Longhurst, Schwartzkopf Bill Addresses Insurance Coverage for Metastatic Cancer Patients

DOVER – Delawareans diagnosed with Stage 4 metastatic cancer would not be forced to first fail a series of treatments before getting approved for cutting-edge therapies under legislation proposed by House Majority Leader Valerie Longhurst and Speaker Pete Schwartzkopf.

Insurance companies have the ability to set coverage guidelines that govern how and when treatments are approved. However, sometimes those guidelines require patients to prove that they failed to respond to initial treatments before they can try advanced therapies.  

Under House Bill 120, insurance companies offering health plans that cover treatments for stage 4 metastatic cancers would not be able to limit or exclude innovative treatments for those patients if the treatments have been approved by the U.S. Food and Drug Administration and are consistent with best practices for stage 4 metastatic cancer treatment.

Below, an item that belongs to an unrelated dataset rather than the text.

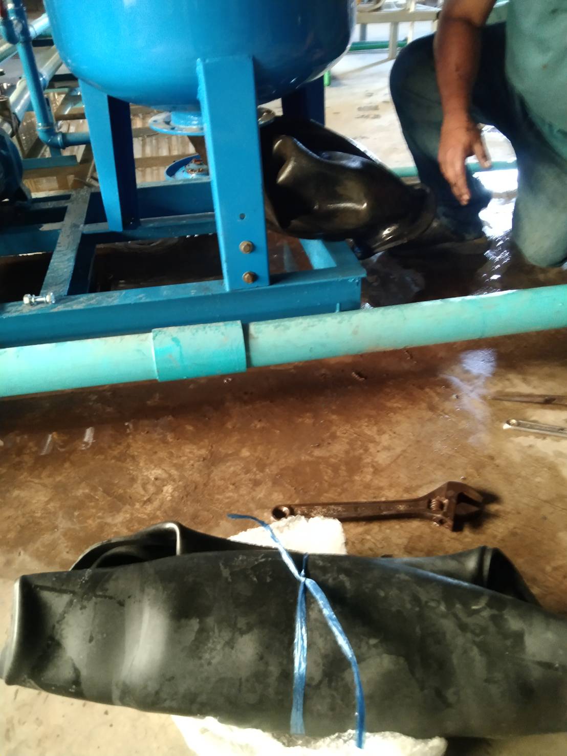 รูปการเปลี่ยนถังแรงดันใหม่แทนถังเดิมที่ไส้ยางในฉีกขาด

It’s critical to improve access to the most innovative treatments for metastatic patients in their time of need, Rep. Longhurst said, adding that these patients cannot afford to delay their care.

“I’ll never forget when my grandmother was diagnosed with a brain tumor. I was three months pregnant with my son when doctors gave her six months to live,” said Rep. Longhurst, D-Bear. “After my son was born she was able to hold him, but she passed away shortly thereafter. I would have loved for her to have a glimmer of hope, and the chance to try cutting-edge treatments. I know she would want me to work so that future patients have that opportunity and have access to therapies they deserve.”

Cancer rates have persisted; the American Cancer Society estimates that in 2017 there will be more than 1.6 million new cancer cases diagnosed in the United States and 600,000 deaths.

In Delaware, the estimated number of cancer cases to be diagnosed in 2017 will exceed 5,600. State health officials say that Delaware women still have the ninth-highest cancer death rate in the country.

HB 120, the Jimmy Carter Cancer Bill, was inspired by President Carter, who was deemed cancer-free after an immunotherapy called Keytruda shrunk his metastatic melanoma tumors.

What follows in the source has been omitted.